Begin at the line with "You Are Temporarily" and set down each line exactly until the listing ends. Images stay out.

● **Recorded information**
= Beginning of Section =

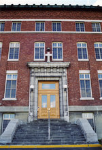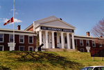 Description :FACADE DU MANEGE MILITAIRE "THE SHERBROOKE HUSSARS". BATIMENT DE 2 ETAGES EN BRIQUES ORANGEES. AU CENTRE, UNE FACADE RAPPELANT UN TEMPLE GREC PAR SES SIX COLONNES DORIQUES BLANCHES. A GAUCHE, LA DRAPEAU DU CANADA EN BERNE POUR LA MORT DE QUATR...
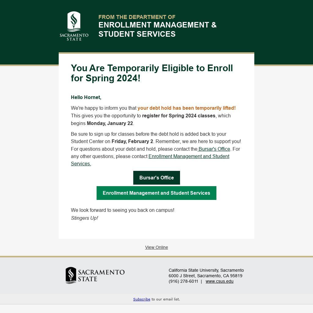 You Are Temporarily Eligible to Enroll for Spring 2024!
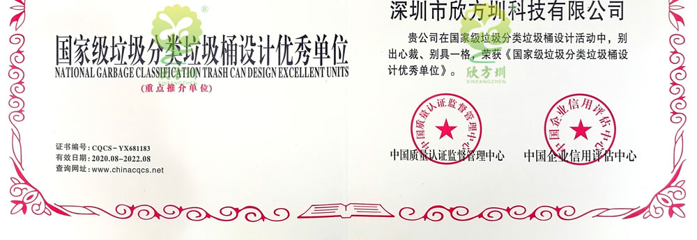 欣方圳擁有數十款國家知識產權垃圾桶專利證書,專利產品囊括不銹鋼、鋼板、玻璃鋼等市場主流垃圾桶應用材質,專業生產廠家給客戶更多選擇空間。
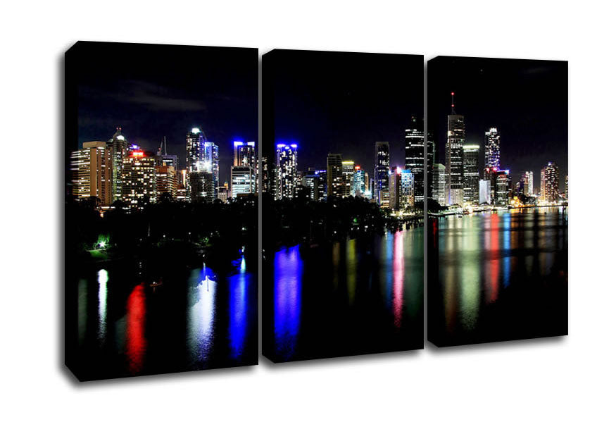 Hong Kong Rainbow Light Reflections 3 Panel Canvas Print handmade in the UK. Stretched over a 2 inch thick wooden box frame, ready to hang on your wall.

= End of Section =

● **Solution to this problem**
 You Are Temporarily Eligible to Enroll for Spring 2024!
 欣方圳擁有數十款國家知識產權垃圾桶專利證書,專利產品囊括不銹鋼、鋼板、玻璃鋼等市場主流垃圾桶應用材質,專業生產廠家給客戶更多選擇空間。
 Hong Kong Rainbow Light Reflections 3 Panel Canvas Print handmade in the UK. Stretched over a 2 inch thick wooden box frame, ready to hang on your wall.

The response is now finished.